## DATA FOR THIS EXERCISE
========
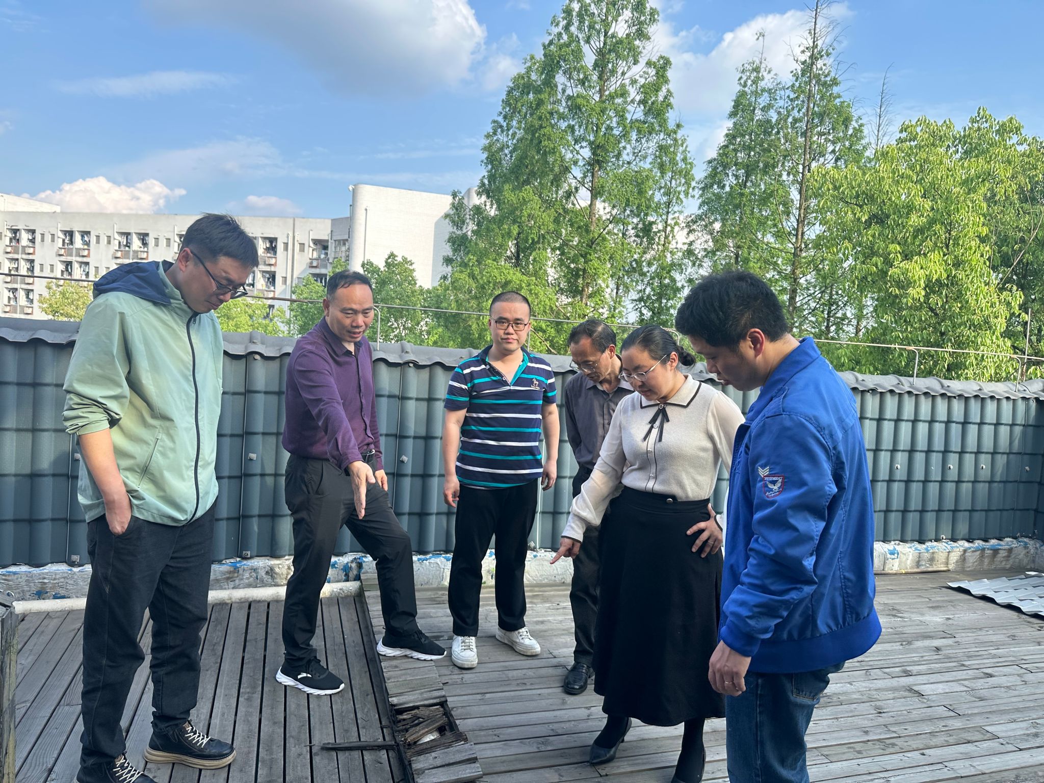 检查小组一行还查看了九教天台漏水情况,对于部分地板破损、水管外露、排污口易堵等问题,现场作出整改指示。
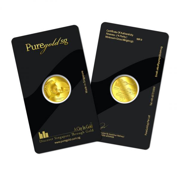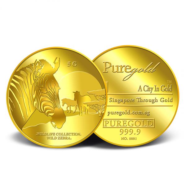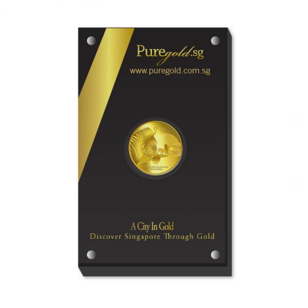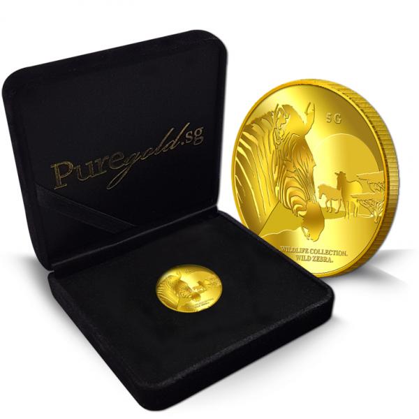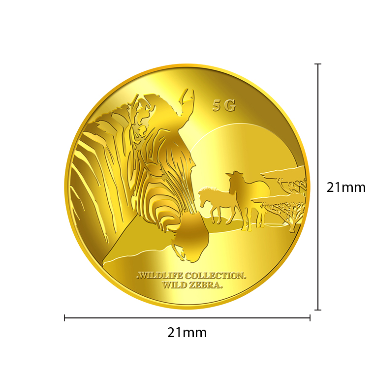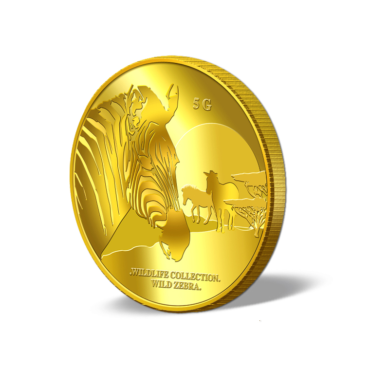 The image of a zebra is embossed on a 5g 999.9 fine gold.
========
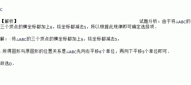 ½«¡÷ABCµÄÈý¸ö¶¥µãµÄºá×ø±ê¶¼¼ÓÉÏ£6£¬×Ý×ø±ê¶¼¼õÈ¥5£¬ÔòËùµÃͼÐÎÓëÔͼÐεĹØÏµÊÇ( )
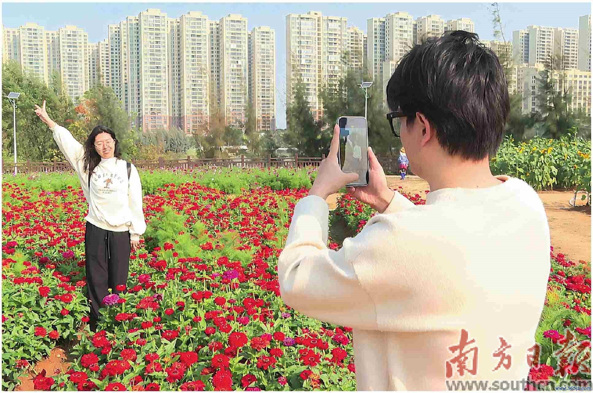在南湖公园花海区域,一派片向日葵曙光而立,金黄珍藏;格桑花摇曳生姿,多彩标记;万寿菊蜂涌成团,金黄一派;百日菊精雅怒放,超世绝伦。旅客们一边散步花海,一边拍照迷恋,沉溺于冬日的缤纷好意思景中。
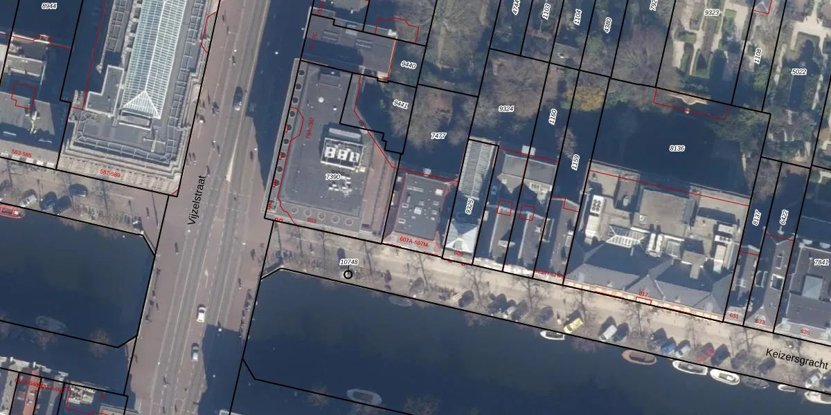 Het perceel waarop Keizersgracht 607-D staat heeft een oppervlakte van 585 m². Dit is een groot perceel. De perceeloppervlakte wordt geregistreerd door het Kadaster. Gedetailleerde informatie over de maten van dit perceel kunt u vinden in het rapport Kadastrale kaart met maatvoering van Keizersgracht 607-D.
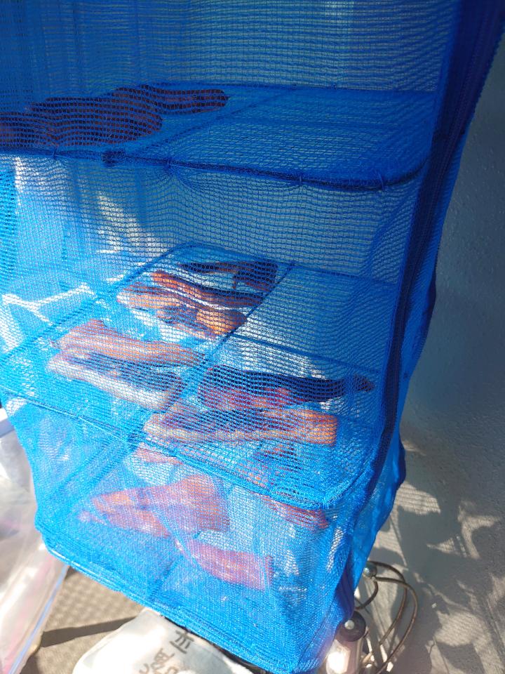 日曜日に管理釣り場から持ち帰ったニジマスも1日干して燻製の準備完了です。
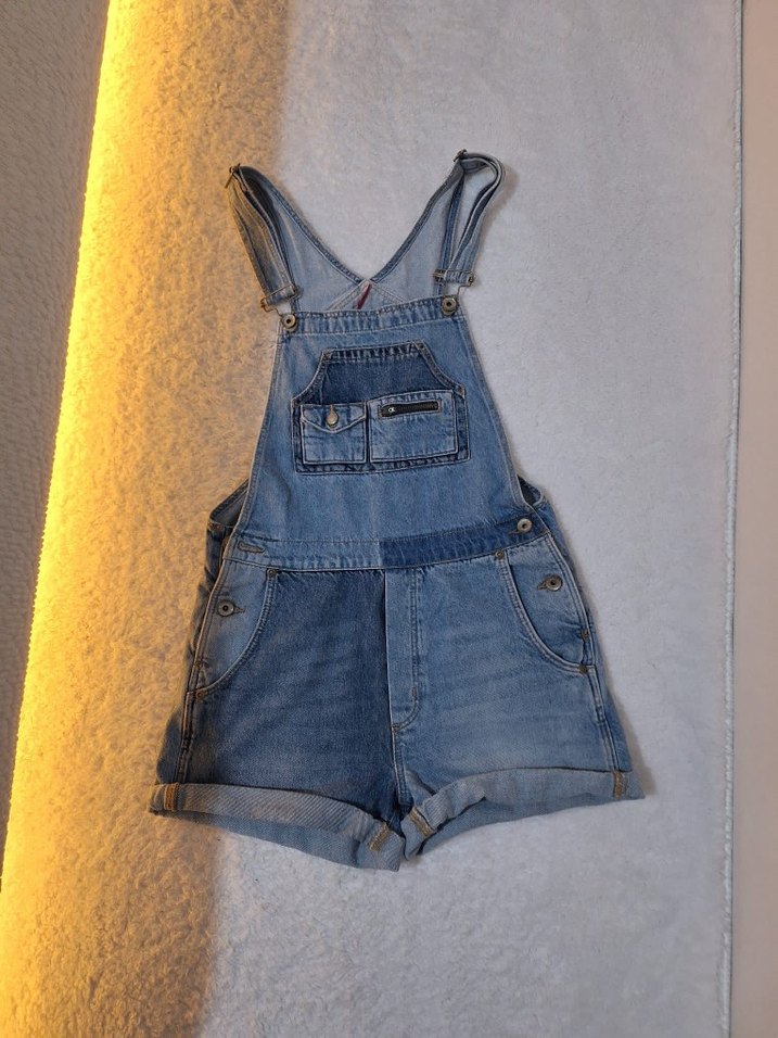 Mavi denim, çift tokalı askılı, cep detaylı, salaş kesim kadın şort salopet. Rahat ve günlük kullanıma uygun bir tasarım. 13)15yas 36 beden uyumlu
========
## REQUIRED WORK
Beginning with the line holding "日曜日に管理釣り場から持ち帰ったニジマスも1日干して燻製の準備完了です。" in the material above, restate word for word each line through the line holding "Mavi denim, çift", and exclude pictures.

## TASK SOLUTION
 日曜日に管理釣り場から持ち帰ったニジマスも1日干して燻製の準備完了です。
 Mavi denim, çift tokalı askılı, cep detaylı, salaş kesim kadın şort salopet. Rahat ve günlük kullanıma uygun bir tasarım. 13)15yas 36 beden uyumlu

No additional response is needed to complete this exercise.